What else can I say. I finally broke when I had to build a flat file connector with 258 columns that needed to be imported into a staging database. 258 columns… I almost had a stroke. Not only is it mind numbing it’s also error prone. I do dabble in c# so I build a little tool to automate this for me.

Introducing SSISConnectionBuilder

SSISConnectionBuilder is a simple command line tool to ease the burden of building flat file connectors for SSIS. It is WAY WAY alpha but I am working on cleaning up the code. You can pick it up here on codeplex.

I have only tested this on Windows 8/7 64 bit. If you get an error about cannot find DLL you need to install the client development stuff from the SQL Server installer.

You need to generate an excel spreadsheet with four columns. Column,Type,Precision,Scale.

The program loops through the sheet and kicks out an SSIS dtsx file with a single flat file connector defined.

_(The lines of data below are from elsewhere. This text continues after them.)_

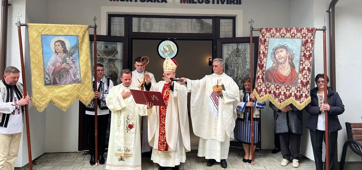 05.11.2023, Iași (Catholica) - Miercuri, 1 noiembrie 2023, în sărbătoarea Tuturor Sfinților, parohia „Trupul și Sângele Domnului” Gherăești s-a bucurat de prezența PS Petru Sescu, Episcop auxiliar de Iași și a Episcopului emerit Petru Gherghel care, însoțiți de un sobor de preoți, au sfințit capela mortuară închinată Sfintei Fecioare Maria, Maica Milostivirii, de lângă biserică.
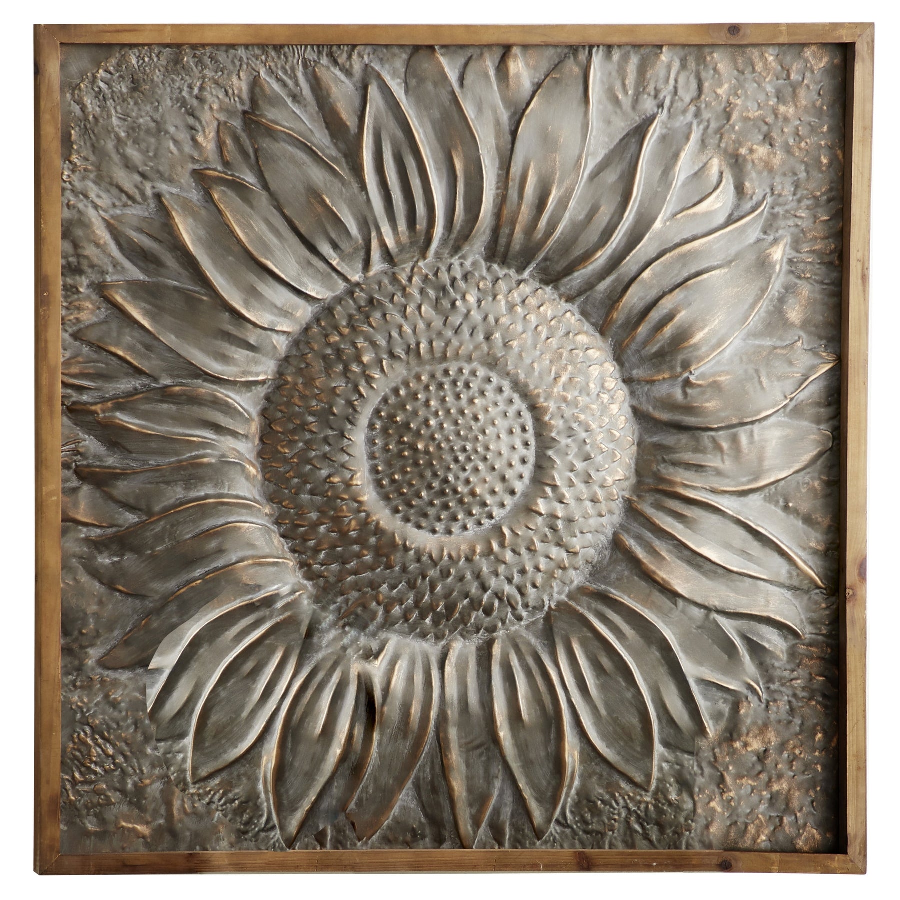 Metal Floral Sunflower Wall Decor with Embossed Details - Gray - Roche River Decor
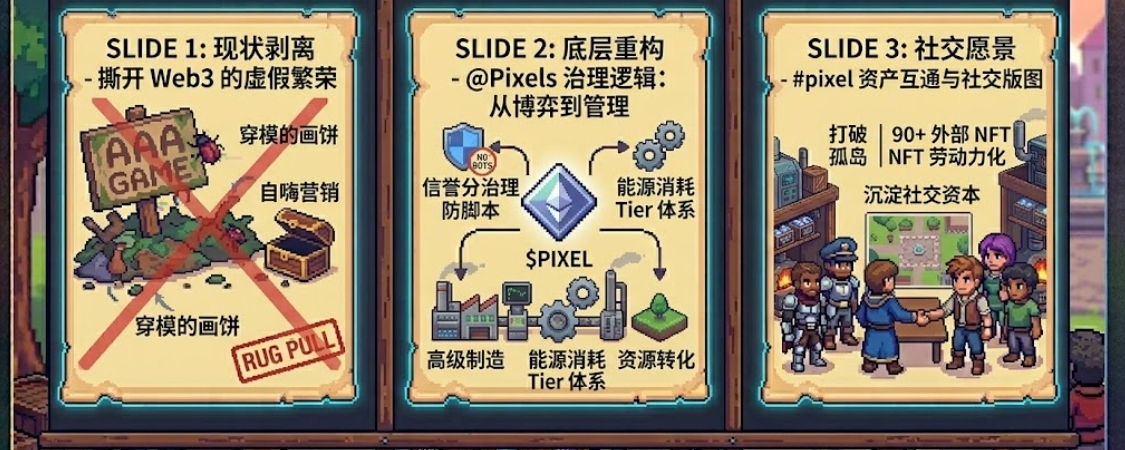 在这种乱象中,@Pixels 展现出了一种截然不同的生态粘合力。通过将 90 多个外部 NFT 项目直接赋予生产力属性,它实际上是在进行一场关于资产所有权的“实用化改造”。你的 NFT 不再只是钱包里的一张贴图,而是可以进入 $PIXEL 经济循环、产生真实资源的劳动力。这种中立且务实的技术路径,让资产在不同社区间实现了真实的流转。客观而言,Pixels 的成功并不在于画风,而在于其对“信誉治理”的坚持。在 Web3 这种缺乏执法权的丛林世界里,项目方通过信誉分系统建立了一套非中心化的行为准则,这不仅是对 价值的护航,更是对所有真实玩家劳动成果的尊重。未来,#pixel 能否继续在去中心化自治与游戏娱乐性之间保持平衡,才是其能否长青的关键。
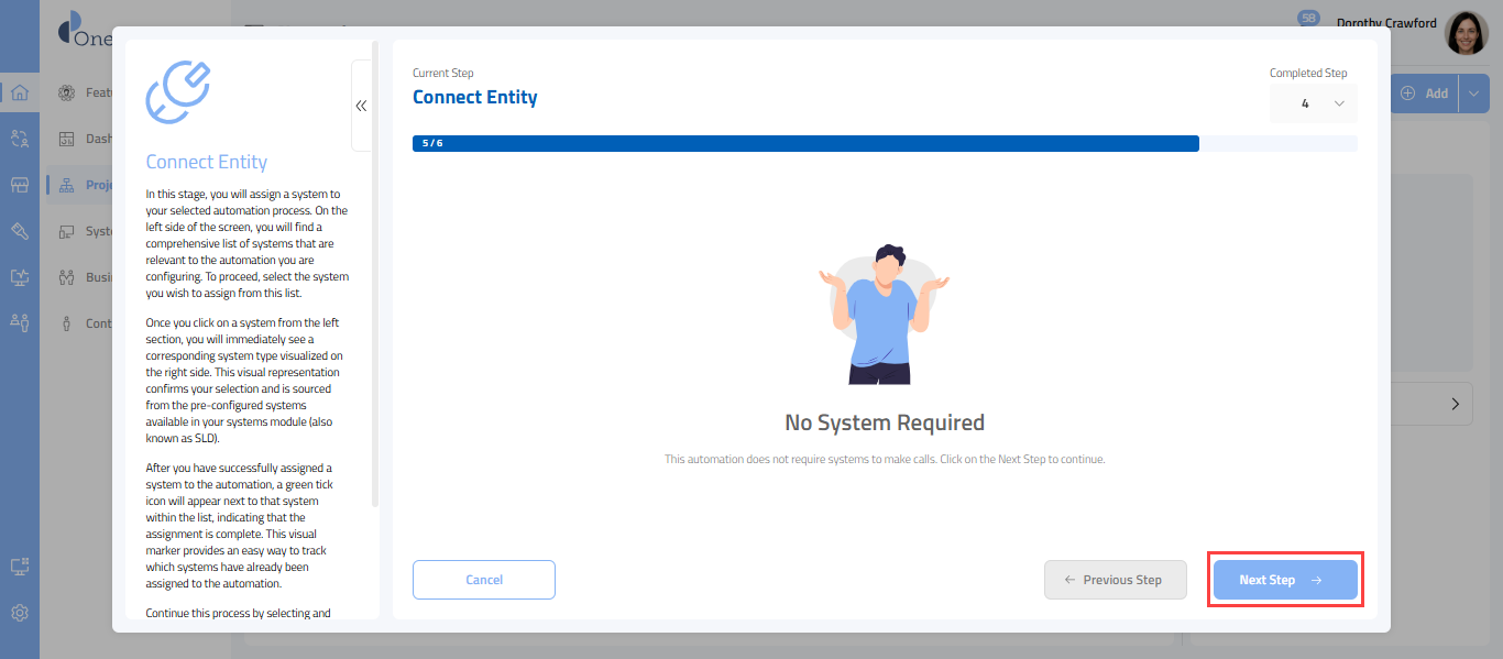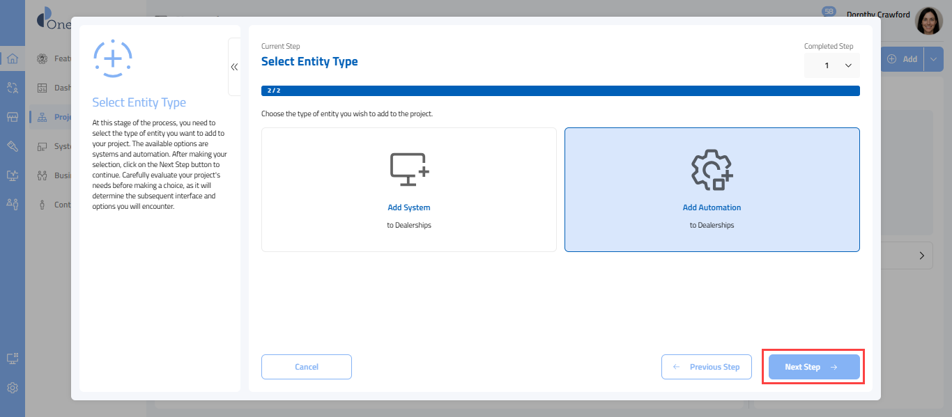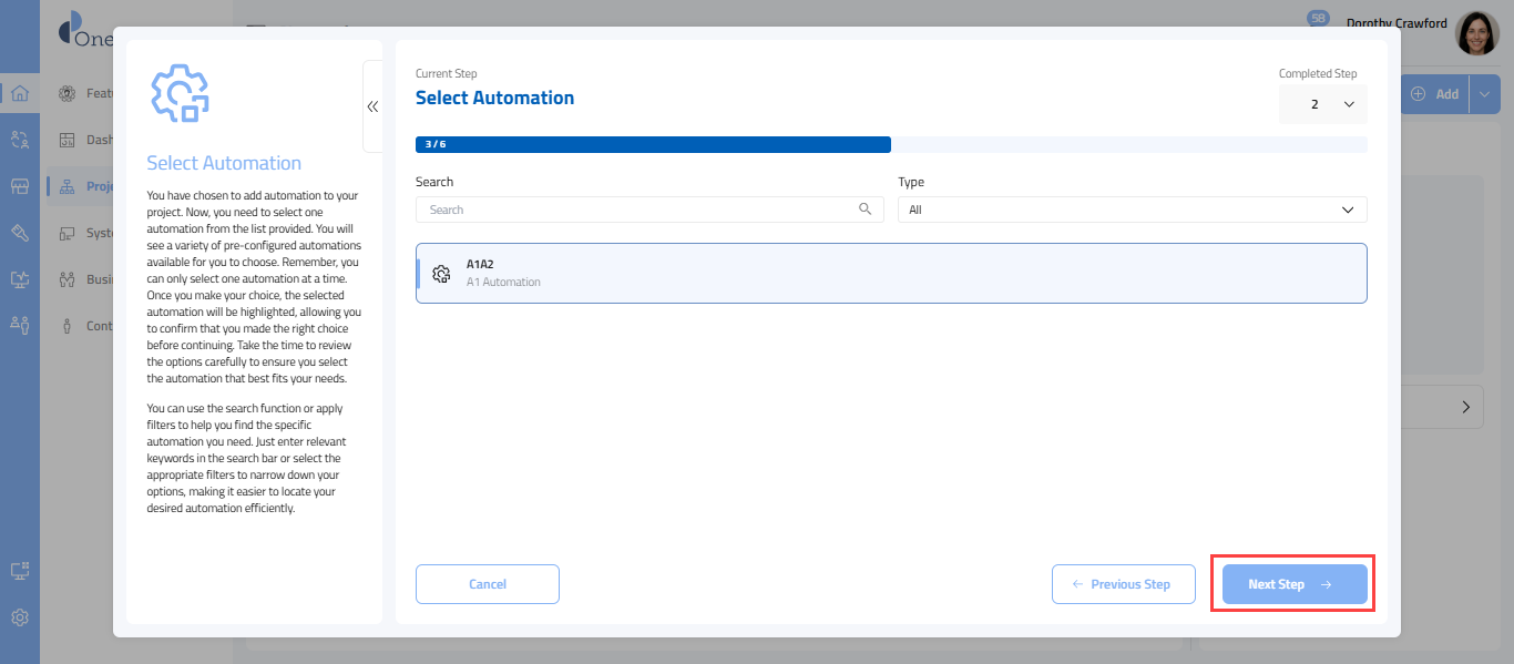 - The 'Next Step' button is disabled by default, but will be enabled once you select an automation.

You can choose a delimiter, package name and set the csv file name for the connector. The csv file name doesn’t have to be valid. If you know the csv file will be unicode you need to pass the -u or you will have errors with your connector with the error column being ntext instead of text.
Command line options:
-s, –schemafile =VALUE Your excel schema definition file.
-d, –delimiter=VALUE The column separator you wish to use, usually a comma or pipe.
-p, –packagename=VALUE Name of the dtsx file that will have your connection in.
-c, –csvfilename=VALUE Name of the csv file that your connection will use.
-u, –unicode csv file is Unicode.
-?, -h, –help show this message and exit

To generate the schema spread sheet you can run one of these queries against your table and just cut and paste into a new spread sheet.

–SQL Server 2012
SELECT ’Column’ = sc.name,
‘Type’ = st.name,
‘precision’ = CASE st.name
WHEN ’decimal’ THEN sc.PRECISION
WHEN ’numeric’ THEN sc.PRECISION
WHEN ’float’ THEN sc.PRECISION
WHEN ’time’ THEN sc.scale
WHEN ’datetimeoffset’ THEN sc.scale
WHEN ’varbinary’ THEN sc.max_length
WHEN ’varchar’ THEN sc.max_length
WHEN ’binary’ THEN sc.max_length
WHEN ’char’ THEN sc.max_length
WHEN ’nvarchar’ THEN sc.max_length
WHEN ’nchar’ THEN sc.max_length
ELSE 0
END,
‘scale’ = CASE st.name
WHEN ’decimal’ THEN sc.scale
WHEN ’numeric’ THEN sc.scale
ELSE 0
END
FROM   sys.objects o
INNER JOIN sys.columns sc
ON o.object_id = sc.object_id
INNER JOIN sys.types st
ON sc.user_type_id = st.user_type_id
WHERE  o.name = ’datatypes’

–SQL Server 2005
SELECT ’Column’ = sc.name,
‘Type’ = st.name,
‘precision’ = CASE st.name
WHEN ’decimal’ THEN sc.PRECISION
WHEN ’numeric’ THEN sc.PRECISION
WHEN ’float’ THEN sc.PRECISION
WHEN ’varbinary’ THEN sc.max_length
WHEN ’varchar’ THEN sc.max_length
WHEN ’binary’ THEN sc.max_length
WHEN ’char’ THEN sc.max_length
WHEN ’nvarchar’ THEN sc.max_length
WHEN ’nchar’ THEN sc.max_length
ELSE 0
END,
‘scale’ = CASE st.name
WHEN ’decimal’ THEN sc.scale
WHEN ’numeric’ THEN sc.scale
ELSE 0
END
FROM   sys.objects o
INNER JOIN sys.columns sc
ON o.object_id = sc.object_id
INNER JOIN sys.types st
ON sc.user_type_id = st.user_type_id
WHERE  o.name = ’datatypes’

–SQL Server 2000
SELECT ’Column’ = sc.name,
‘Type’ = st.name,
‘precision’ = CASE st.name
WHEN ’decimal’ THEN sc.xprec
WHEN ’numeric’ THEN sc.xprec
WHEN ’float’ THEN sc.xprec
WHEN ’varchar’ THEN sc.length
WHEN ’binary’ THEN sc.length
WHEN ’char’ THEN sc.length
WHEN ’nvarchar’ THEN sc.length
WHEN ’nchar’ THEN sc.length
ELSE 0
END,
‘scale’ = CASE st.name
WHEN ’decimal’ THEN sc.xscale
WHEN ’numeric’ THEN sc.xscale
ELSE 0
END
FROM   syscolumns sc
INNER JOIN systypes st
ON sc.xusertype = st.xusertype
INNER JOIN sysobjects o
ON sc.id = o.id
WHERE  o.name = ’datatypes’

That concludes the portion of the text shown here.